I returned an hour later, I hadn’t pushed my luck, just a gentle ride out to the cottage to see if Monica was still there. If she was, she had moved her car because that was missing and it wasn’t in the garage.

I wiped down the bike and locked her up again, inside the men were on their third bottle of wine. I was livid, however, I decided I wasn’t going to say anything then. I would wait until the next day and hopefully they’d be sober.

After a shower, I discovered they were both asleep and the television was on.

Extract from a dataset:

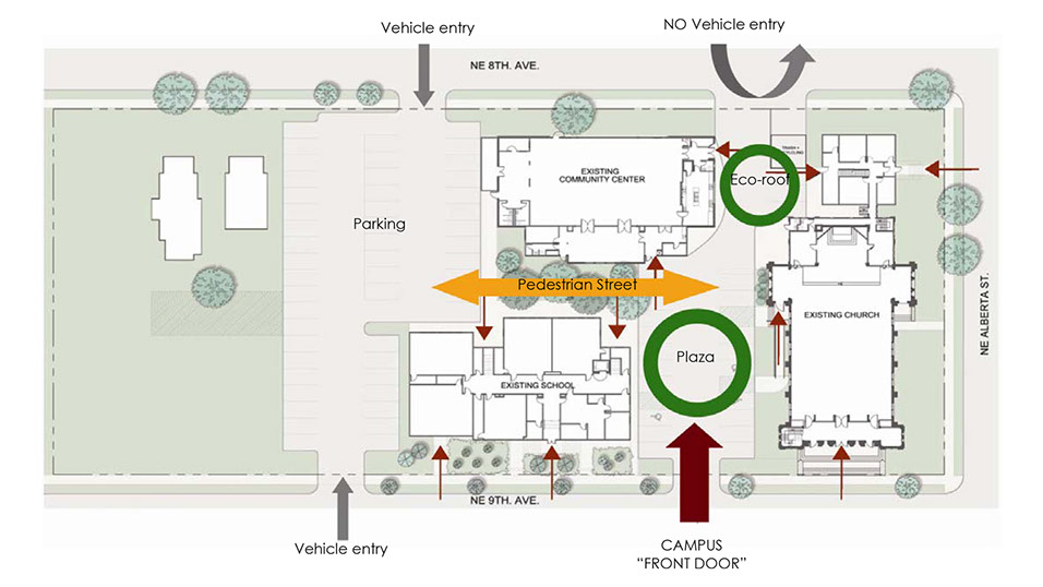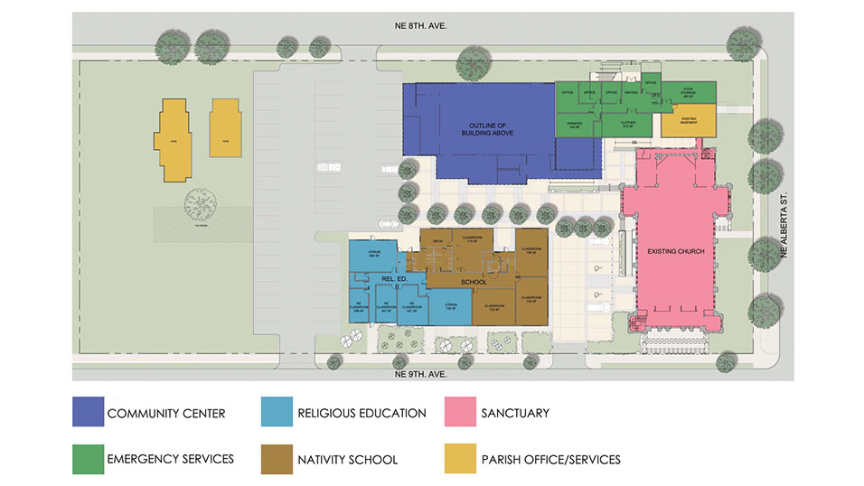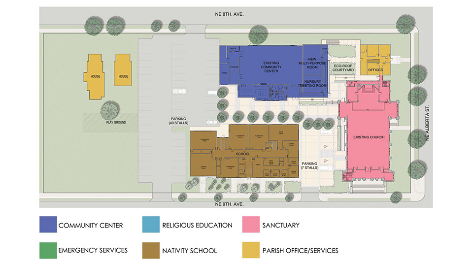 St. Andrew Church, located on Alberta Street in northeast Portland, Oregon, has played a vital role in its inner city neighborhood since its founding over one hundred years ago. During this century of ministry, St. Andrew has provided many services to the community and as the demographics and neighborhood have changed so has their space needs. Likewise, the St. Andrew Nativity School, operating in the Parish’s school building since 2001, needs additional room for its growing program, increasing the pressure on an already short supply of space. These requirements afforded an opportunity, not only to address the limited space but to also reorganize the site to be more efficient and inviting.

I switched it off and neither of them moved. I had work to do to check some stuff over before Des arrived the next day. Maybe I should get him to run off with me?

At eleven, I went back to the dining room, Tom was asleep on one side of the table and Simon the other. I left them to it and went to bed with my book. At half past I put the light out and went to sleep.

I was awoken by somebody bumbling around the bedroom and walking into the bed and swearing, then hushing themselves, it was pathetic. This pathetic mess, then got into bed with me at the second attempt, he fell off the first time. I pretended I was asleep and lay with my back to him. He kissed me on the back of the head, and fell asleep in moments. That’s when the snoring started and my frustration began.

No matter what I tried, I could not get back to sleep. At about two in the morning, I gave up, took my pillow and a blanket and went downstairs to the lounge. I curled up on a sofa and eventually went to sleep.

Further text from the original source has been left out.